■ **Directions**: Reproduce word for word the lines from the beginning of the entries to the line with "1.02.2016г. мужская часть", both included, but none of the pictures.

------ Extracted entries

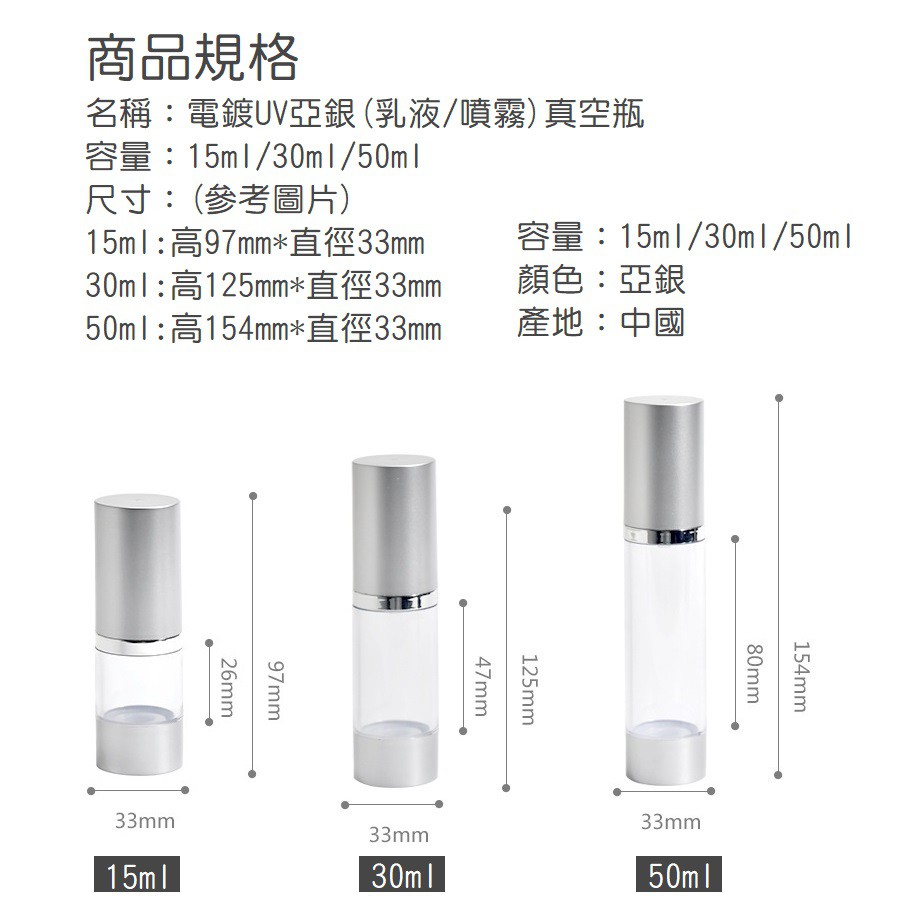 電鍍UV霧銀 亞銀 真空瓶 乳液瓶 15ml 30ml 50ml 分裝瓶 分裝罐 旅行分裝瓶 空瓶 空罐 樣品罐
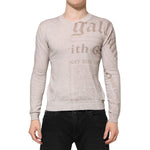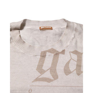John Galliano Beige Printed Logo Roundneck Long Sleeves Men Sweater
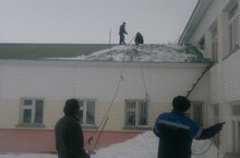 1.02.2016г. мужская часть коллектива школы в целях безопасности детей произвела очитску кровли от снега.
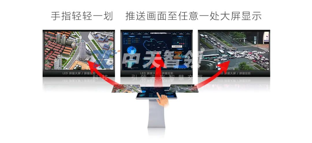在智能指揮臺屏幕上全屏顯示的需要操控的信號源終端的屏幕信息,推送至預設的任意其他顯示終端,即甩屏操作;最多支持八個方向的甩屏,通過在屏幕上向不同方向滑動手指,可將該信號源終端推送至預設的顯示終端或顯示終端上的預設位置。
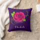 Illustration simple d'une rose rose avec des pétales verts et une tige tourbillonnant. Arrière - plan violet. Customisez avec votre nom ou votre texte.
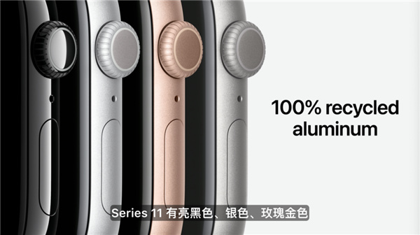 Apple Watch 11表壳继续提供42与46mm两种尺寸,分Wi-Fi与蜂窝版本。铝金属款有亮黑、银、玫瑰金和深空灰;抛光钛金属款提供原色、金色与板岩色。售价2999元起,今日开启预订,9月19日正式开售。
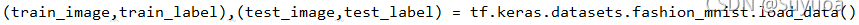 fashion_mnist是tensorflow中自带的数据集,它分为四个部分,分别为train_image(训练图像),train_label(训练标签),test_image(测试图像),test_label(测试标签)
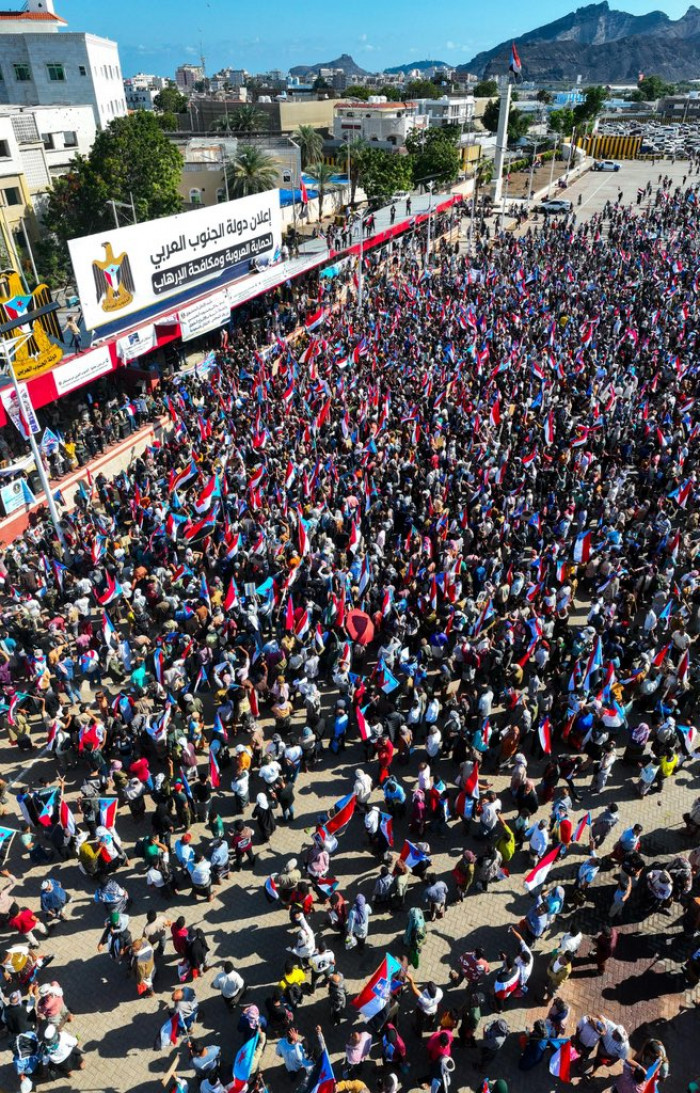 توافد الآلاف من المواطنين، صباح اليوم الجمعة، إلى ساحة العروض بالعاصمة عدن، رفضا لقرارات المدعو رشاد العليمي، رئيس مجلس القيادة.
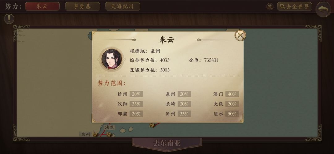 综合势力值:玩家的综合势力值就不想是npc的那个了,玩家的综合势力值代表的是全世界的综合实力值【这其中包括你自己占有的城市占有度,你威压小弟的城市占有度】
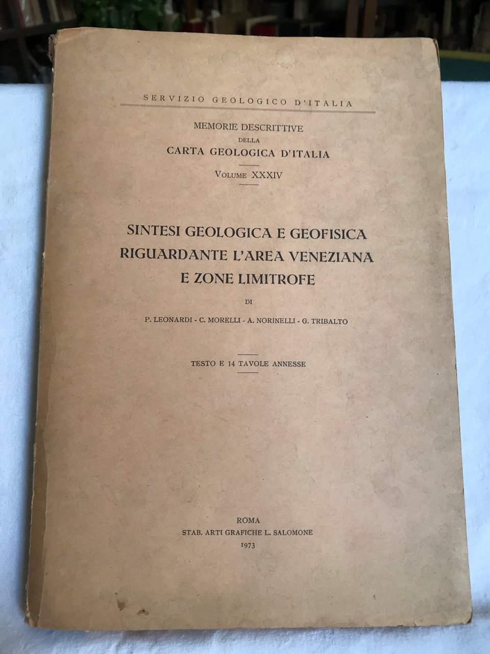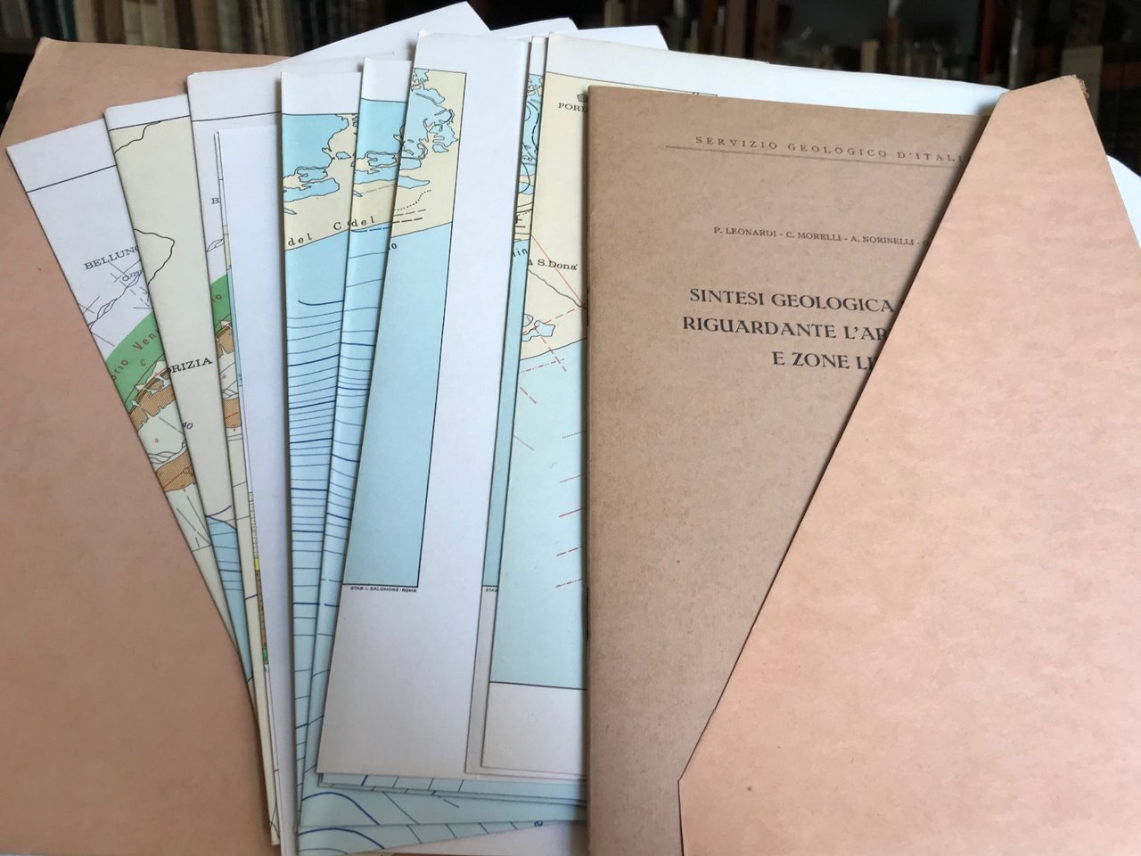 Fascicolo in 8 grande, brossura editoriale, titolo al piatto, frontespizio, prefazione, 24 pp. di relazioni, commenti e bibliografia, 14 tav. a colori ripiegate f.t. di varia grandezza, il tutto racchiuso in cofanetto cartonato con titolo al piatto ed al dorso. Facente parte delle Memorie Descrittive della Carta Geologica d'Italia, il presente studio il risultato di una lunga e appassionata attivit di uno speciale gruppo di lavoro del 'Comitato per la difesa di Venezia'. Sulla base dei dati raccolti sono stati realizzati gli elaborati geologici e geofisici qui presenti, fra cui: lo Schema geologico del Veneto (con carta indice del rilievo sismico, pozzi e giacimenti gassiferi); le Anomalie di Bouguer; varie Batimetrie, varie Sezioni geologiche; Sismosezione nell'area urbana di Venezia; Curve isocrone e isobate. Ognuna delle 14 tavole spiegata e commentata dai Professori P. Leonardi, C. Morelli, A. Norinelli, G. Tribalto. In pi che buono stato.
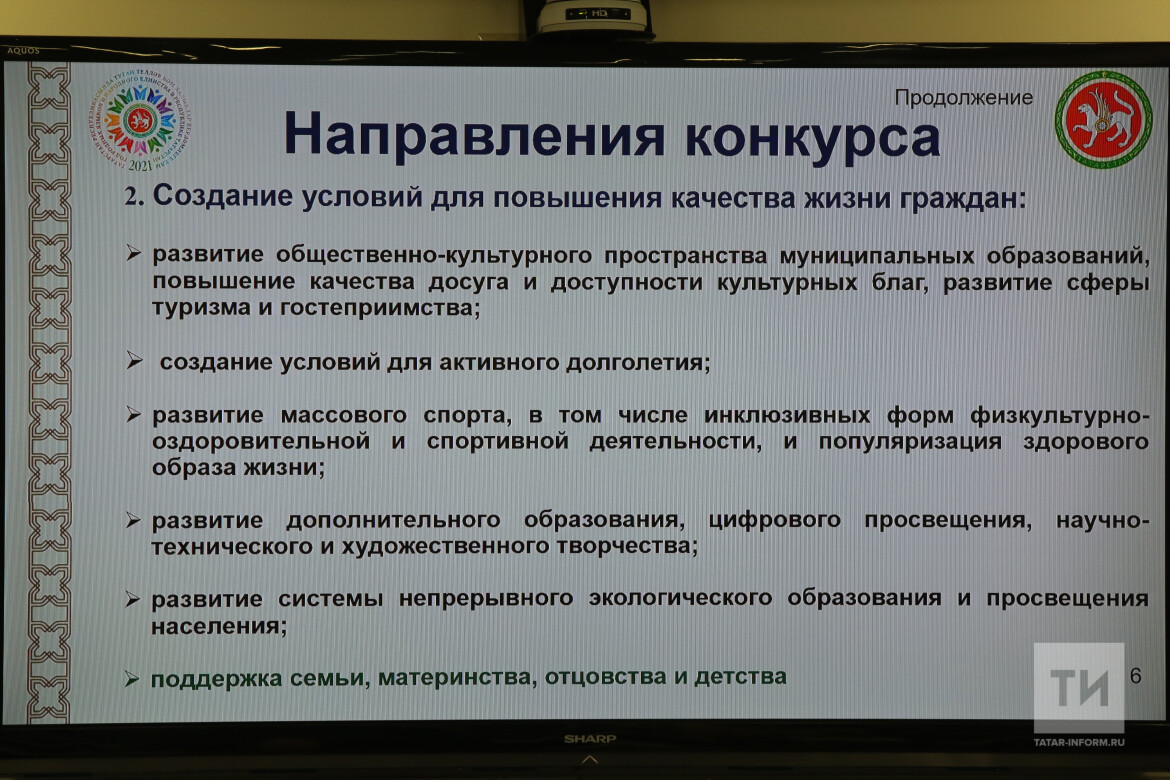«Конкурс проходит по двум основным направлениям: “Развитие институтов гражданского общества” и “Создание условий для повышения качества жизни”. По первому направлению есть новая номинация “Проведение мероприятий, посвященных Году родных языков и народного единства РТ”. По второму направлению есть новая номинация “Поддержка семьи, материнства, отцовства и детства”», – пояснил замминистра экономики РТ Олег Пелевин.
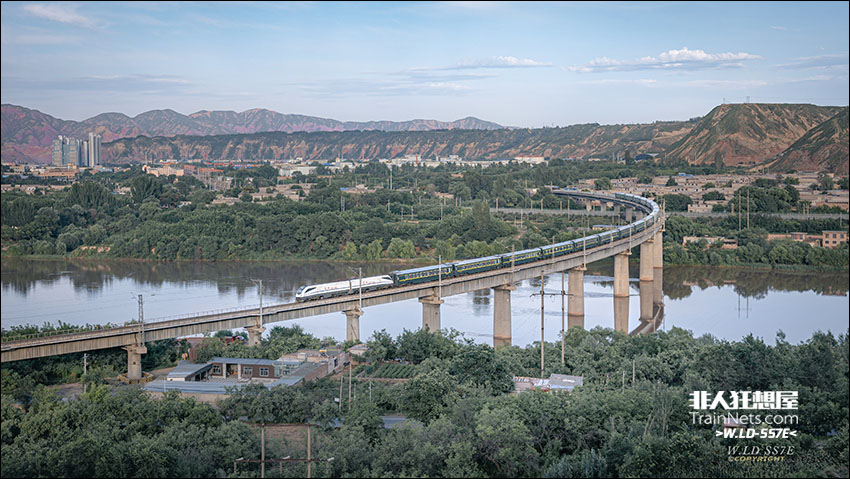 2025年8月,甘肃兰州。盛夏薄暮,FXD1 0002牵引Y667次(兰州-敦煌)通过河口南。满编大列搭配大桥半径较小的弯道,十足壮观。

------------

■ **Answer box**:
 電鍍UV霧銀 亞銀 真空瓶 乳液瓶 15ml 30ml 50ml 分裝瓶 分裝罐 旅行分裝瓶 空瓶 空罐 樣品罐
John Galliano Beige Printed Logo Roundneck Long Sleeves Men Sweater
 1.02.2016г. мужская часть коллектива школы в целях безопасности детей произвела очитску кровли от снега.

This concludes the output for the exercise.